Синдромы и симптомы в клинической практике: эпонимический словарь-справочник - стр. 36

R. S. Bar, E. L. Mazzaferri, W. B. Malarkey. Primary empty sella, galactorrhea, hyperprolactinemia and renal tubular acidosis. The American journal of medicine, 1975; 59(6): 863–866.

БА́РА – ПИ́КА СИНДРОМ (описан французскими врачами L. Bard, 1857–1903, и A. F. Pic, 1863–1943; синоним – панкреатико-билиарный синдром) – желтуха, пальпирующийся увеличенный безболезненный желчный пузырь и прогрессирующее похудание при опухоли головки поджелудочной железы или большого сосочка двенадцатиперстной кишки (фатерова сосочка). Аналогичный сипмтомокомплекс при опухоли фатерова соска носит название синдрома Курвуазье – Террье. Лечение хирургическое, при необходимости в сочетании с лучевой и химиотерапией.

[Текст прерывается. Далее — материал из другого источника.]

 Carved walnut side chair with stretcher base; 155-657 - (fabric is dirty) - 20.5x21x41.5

L. Bard, A. Pic. Contribution a l’étude clinique et anatomo-pathologique du cancer primitif du pancréas. Revue de médecine, Paris, 1888; 8: 257–282, 363–405.

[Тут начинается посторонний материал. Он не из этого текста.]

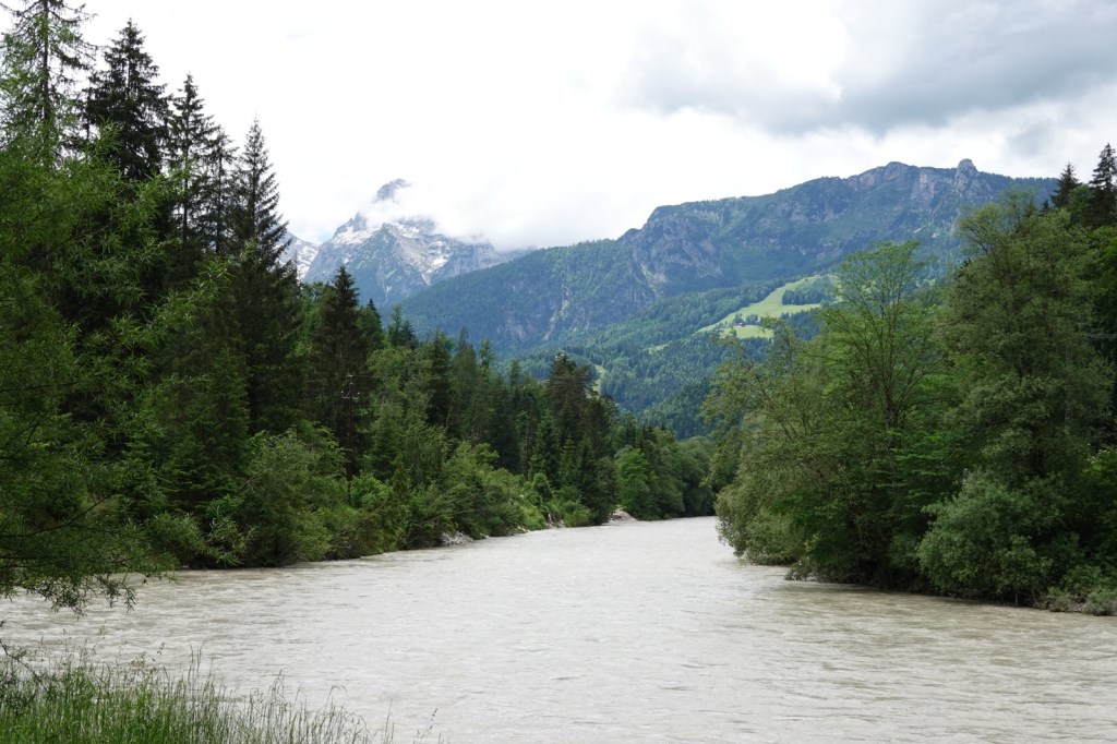 I’m back in Austria, in the Tyrol, the land of ski resorts and Mountains & Lakes coach tours. The scenery is nice. I walked through deep glaciated valleys and saw huge snow capped mountains. The cows were ringing their bells behind electric fences, the streams were splashing over rocks and the river was flowing fast. It was all too perfect. I passed through Unken and took a cappuccino in a huge empty restaurant. The village was empty and the tourist information office was closed.

БА́РАНИ СИМПТОМ (Барани калорическая проба; описан австрийским оториноларингологом венгерского происхождения R. Bárány, 1876–1936) – признак поражения лабиринта: отсутствие нистагма при раздражении уха холодной или теплой водой (в норме от холодной воды нистагм направлен в противоположную сторону, от теплой воды – в сторону раздражаемого уха).

R. Bárány. Über die vom Ohrlabyrinth ausgelöste Gegenrollung der Augen bei Normalhörenden. Archiv für Ohrenheilkunde, Leipzig, 1906; 68: 1–30.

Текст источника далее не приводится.